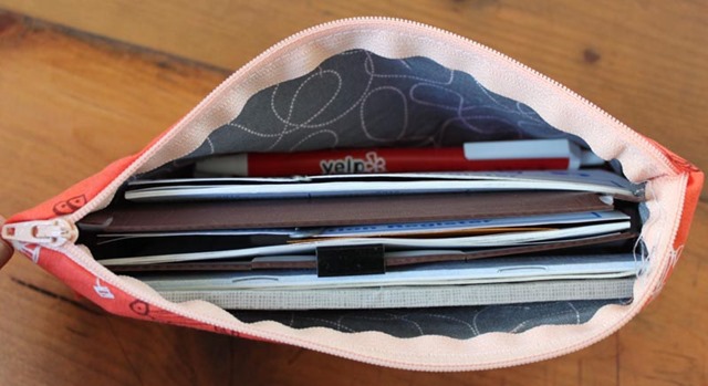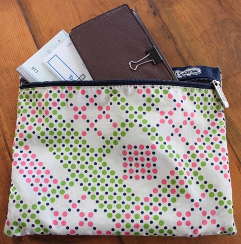 For years I had been using this old, ratty Lesportsac bag to carry my checkbook and checks (yes, I’m an old lady who keeps a checkbook). But its grodiness was finally too much to bear so I whipped up a new fabric checkbook bag.
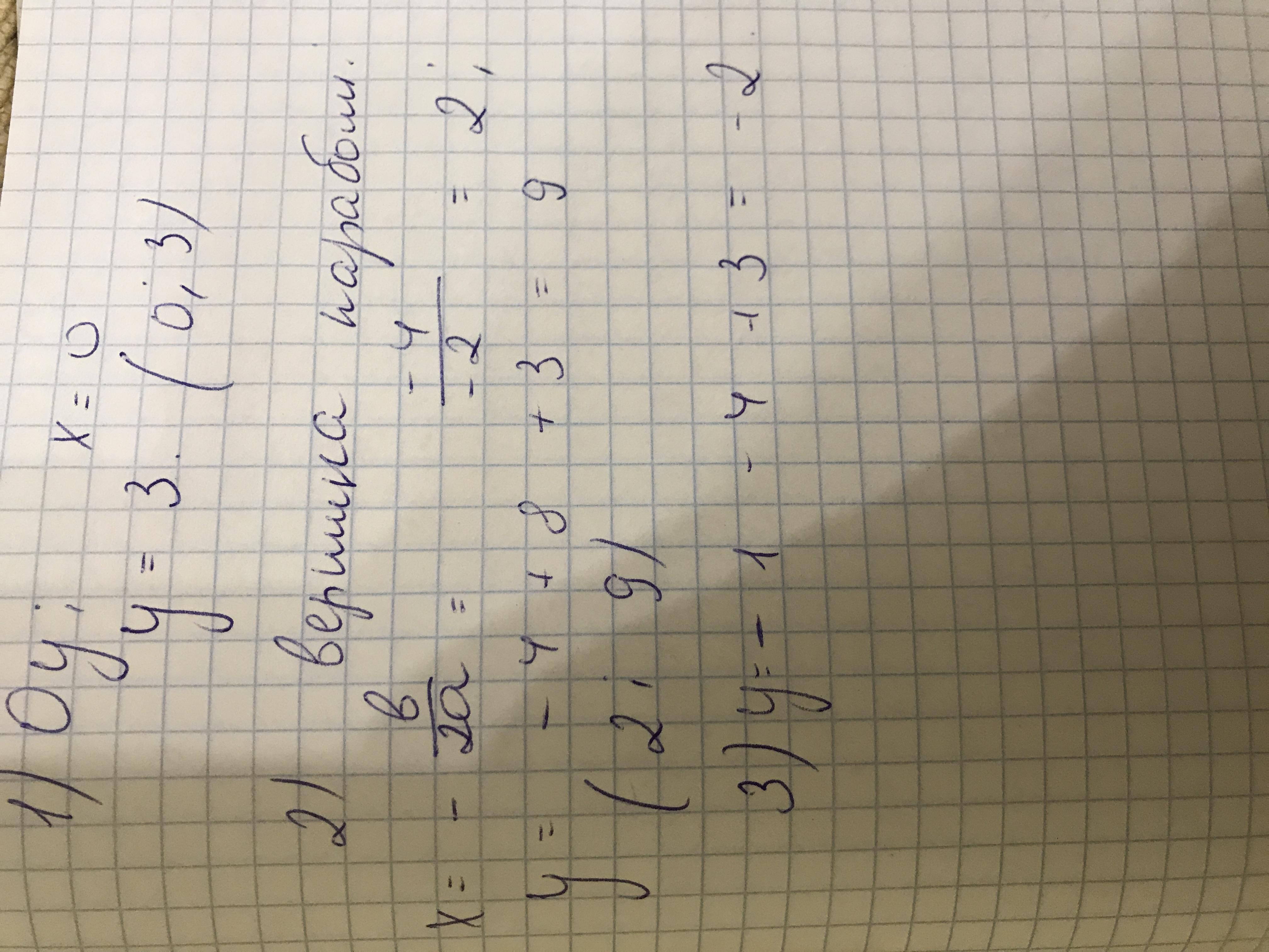 3) координаты вершины параболы ( ; );
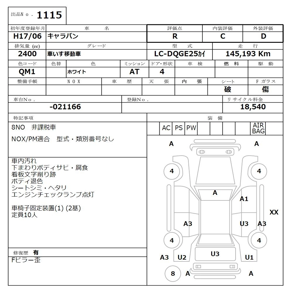 NISSAN CARAVAN 2005 г., лот № 1115
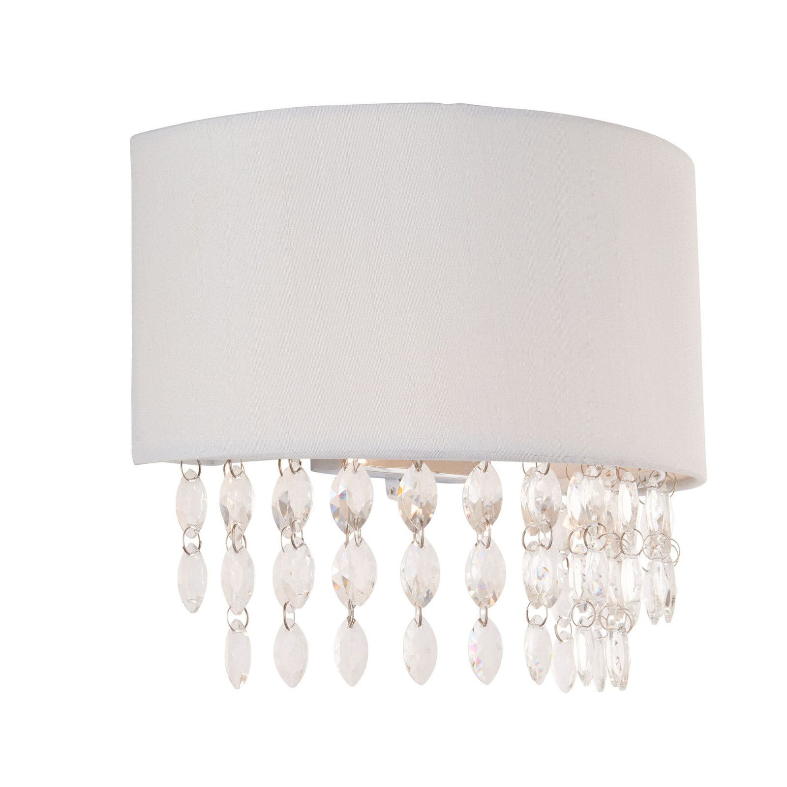 Stunning multi layer wall light with silver grey fabric shade. Complete with double row of facetted glass crystals and dimmable to create a stylish ambience. Matching pendant also available.

▶ **What the task asks**:
Quote verbatim the final run of lines in the material above, from the line that contains "NISSAN CARAVAN 2005 г., лот № 1115" through the very last line, excluding any pictures.

▶ **Task answer**:
 NISSAN CARAVAN 2005 г., лот № 1115
 Stunning multi layer wall light with silver grey fabric shade. Complete with double row of facetted glass crystals and dimmable to create a stylish ambience. Matching pendant also available.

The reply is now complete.